- Born: Beirut, Lebanon
- Occupation: Actress

= Sara Abi Kanaan =

Lebanese actress

Sara Abi Kanaan is a Lebanese actress. She began her acting career at the age of 11 in the Lebanese series “Bent El Hay”.

She is the first Arab actress that was nominated to win the iEmmys award in 2018 and she won the Murex D'or award two times, first, in 2013 for being the Best Promising Actress on her roles in the Lebanese series "Al Kinaa" and "Awwel Marra" and in the Lebanese movie "24 Hours of Love", secondly, in 2015 for being the Best Supporting Actress on her roles in the Pan Arab series "Laow", "Ittiham" and "Ishq El Nesaa".. She was also nominated for Best Actress in 2017 on her roles in the Lebanese series "Kawalis Al Madina" and "Ossit Hob".

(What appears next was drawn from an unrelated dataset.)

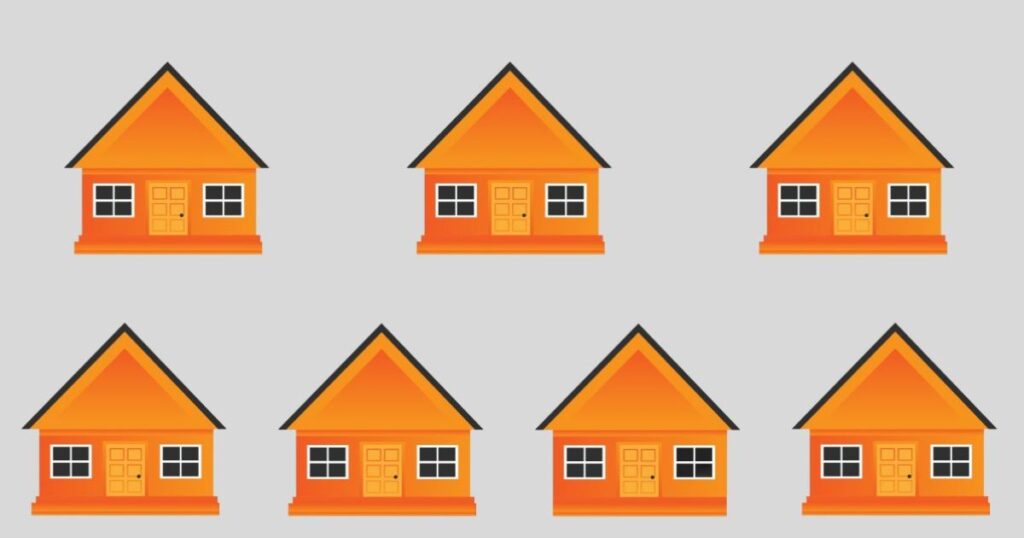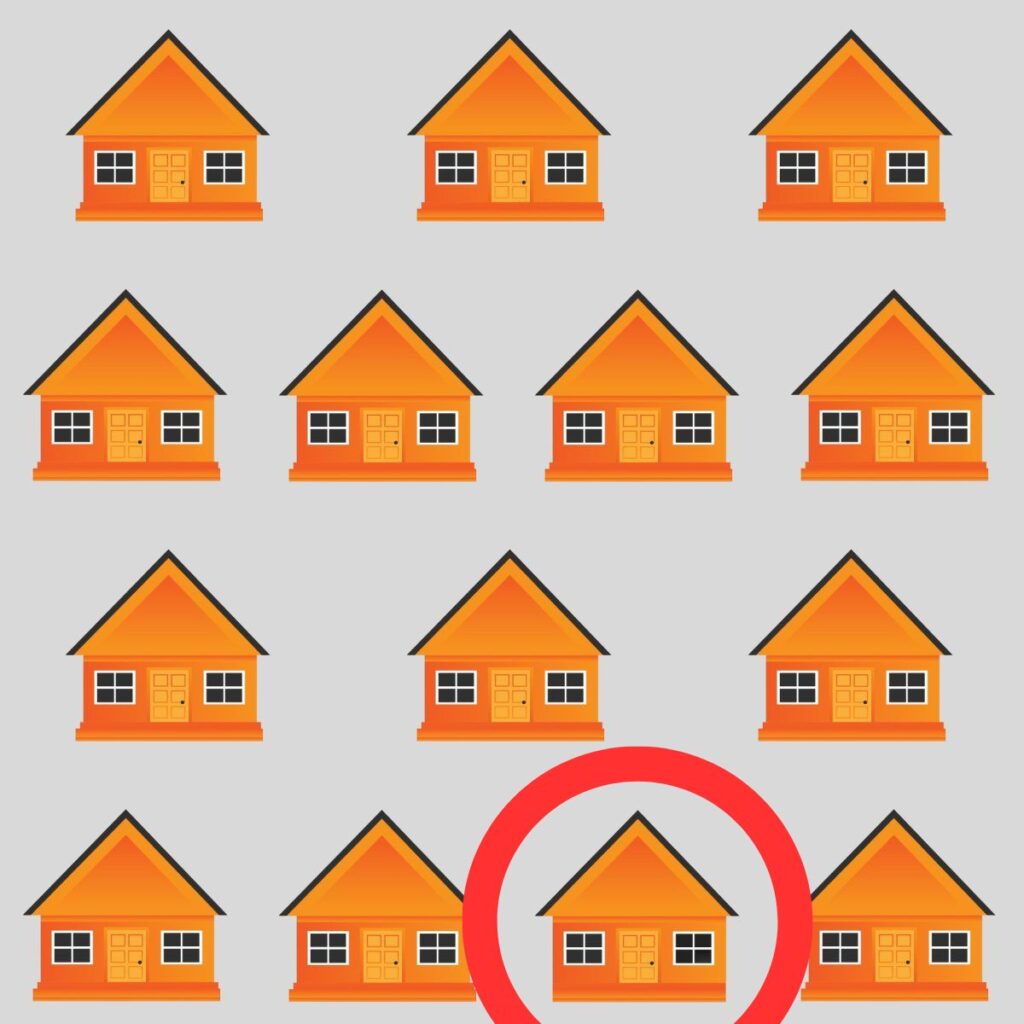 На перший погляд, всі будинки на малюнку здаються абсолютно однаковими. Проте, не все так просто, як здається на перший погляд. Якщо уважно придивитися, можна помітити, що один з будинків відрізняється від усіх інших.

She studied two majors, Medical Laboratory Sciences and Pharmacy.

==Acting credits==
===TV series===
- Bent El Hay "Hoda".
- Khotwit Hob "Asma".
- Oyoun Al Amal "Maha".
- Al Kinaa "Ibtisam".
- Duo Al Gharam "Joumana".
- Awwel Marra "Tonia".
- Ittiham "Soha".
- Laow "Rasha".
- Ishq El Nesaa "Sara".
- Bent Al Shahbandar "Aaman".
- Ossit Hob "Mira".
- Layleh Hamra (Sarkhit Rouh) "Zeina".
- Kawalis Al Madina "Ola".
- Al Shakikatan "Doha".
- Thawrat AlFallahin "Foutoun".
- The Last Chance (Madraset El Hobb) "Selena".
- Sayf Bared "Sally".
- Bel Alb "Diana".

===Lebanese movies===
- 24 Hours of Love "Claire".
- Broken Keys

===American movies===
- JACIR "Seema".
- A star in the desert "Fatimeh".

==Achievements and awards==
- 2013, won 'Best Promising Actress' award at the Murex d'Or.
- 2015, hosted the first "Asian World Film Festival" that took place in Los Angeles, California.
- 2015, won 'Best Supporting Actress' award at Murex d'Or.
- 2017, nominated as 'Best Leading Actress' award at Murex d'Or.
- 2017, was chosen by the iEmmys Academy as the youngest and only Lebanese juror for the semi-final rounds of the iEmmys awards that took place in Abu Dhabi.
- 2018, hosted the fourth "Asian World Film Festival" that took place in Los Angeles, California
- 2018, was nominated to win the iEmmys award after being qualified to the final round of the Young Creatives Award competition organized by the iEmmys academy.